In response to Rotimi Amaechi’s recent remarks on the subject of legally foreclosed non-indigenous land being abandoned, the Rivers State Executive Council has accused him of attempting to sow discord between Igbo and the state’s residents.
In an effort to rally support for his political godson and APC governorship candidate Tonye Cole, Amaechi, a former governor of Rivers, made a promise that if Cole won, he would give Igbo owners their property back that had been declared abandoned by the military government right after the Nigerian Civil War.
But following the State Executive Council meeting, which was presided over by Governor Nyesom Ezenwo Wike, the Rivers State Attorney-General and Commissioner for Justice, Prof. Zacchaeus Adangor, SAN, criticized the former minister’s assurance in a speech at Government House in Port Harcourt.
Adangor called Amaechi’s offensive attempt to use the contentious subject of abandoned land that was deemed legally closed and could not be reopened as a political football “distasteful.”
“You’ll remember that the Abandoned Property Edit No. 8 of 1969 formed the Abandoned Property Custody and Management Authority and saddled that authority and responsibility with handling the property of non-indigenous people left neglected during the Civil War,” he stated.
The validity of the statute has been examined in a number of court rulings, including the Supreme Court’s, and it is still in effect. No court decision has ever found it to be unconstitutional.
So, it is clearly harmful, if not entirely inaccurate, for anyone to attempt to politicize the subject of abandoned property. As far as we’re concerned, the case has been legally resolved and cannot be brought up again.
According to the attorney general, Amaechi did not mean well for Rivers State by engaging in destructive politics over the issue of abandoned land.
And we must denounce it in its entirety, he continued. Every rational person in this society must oppose it because it is disgusting and unworthy of a leader.
Dr. Tammy Danagogo, the secretary to the Rivers State government, emphasized that the State Executive Council strongly denounced Amaechi’s irresponsible attempt to rouse the ghosts of the abandoned property issue in Rivers.
I’m sure that everyone, including us all, is aware that the issue has long since been put to rest and that doing so would no longer be useful or viable. It defies logic to think that anyone would wish to take politics that far.
We are pleading with every Rivers resident, as well as our Igbo brothers who have coexisted peacefully with us, to disregard that erroneous statement, which we can all agree was made in an effort to garner political mileage.
Chris Finebone, the state’s commissioner for information and communications, remarked that it appears Amaechi has selective amnesia.

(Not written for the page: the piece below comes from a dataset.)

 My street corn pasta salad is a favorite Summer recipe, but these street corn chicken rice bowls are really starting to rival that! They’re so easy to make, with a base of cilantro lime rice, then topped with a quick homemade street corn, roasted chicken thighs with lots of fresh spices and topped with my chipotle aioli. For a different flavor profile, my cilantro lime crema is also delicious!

He noted that Amaechi had closed the case of abandoned property while serving as Speaker of the Rivers State House of Assembly for many years.
He questioned why the same Amaechi would vow to revisit the subject of abandoned property today solely for political purposes, misleading Igbo elders in an effort to get elusive votes for Tonye Cole.

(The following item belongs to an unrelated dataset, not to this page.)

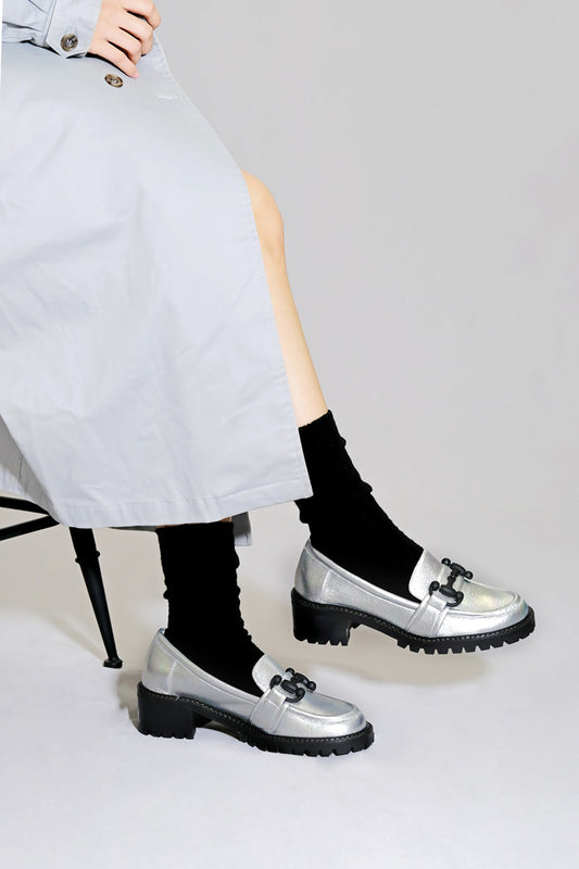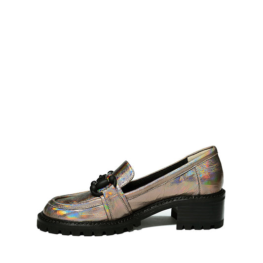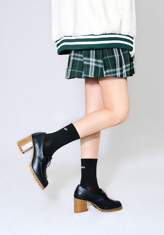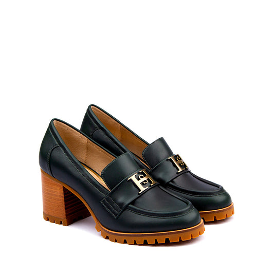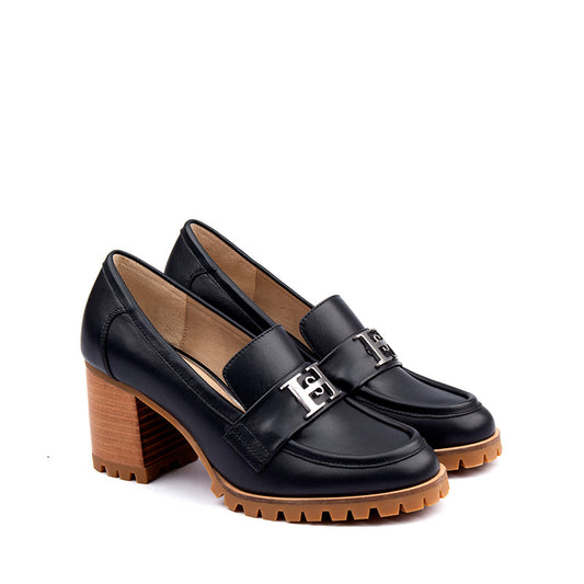 Elegant Black Leather Loafers with 7.5cm Chunky Heel

“This is what has astonished people today not just in Rivers State, but even in Bayelsa,” he stated. We have received calls from all over the world denouncing this type of rascality, so it defies belief that someone who most likely had no understanding of the problem of abandoned property would just enter politics and try to profit from it by promising people things he himself is unable to provide, much less something he is bringing in to provide.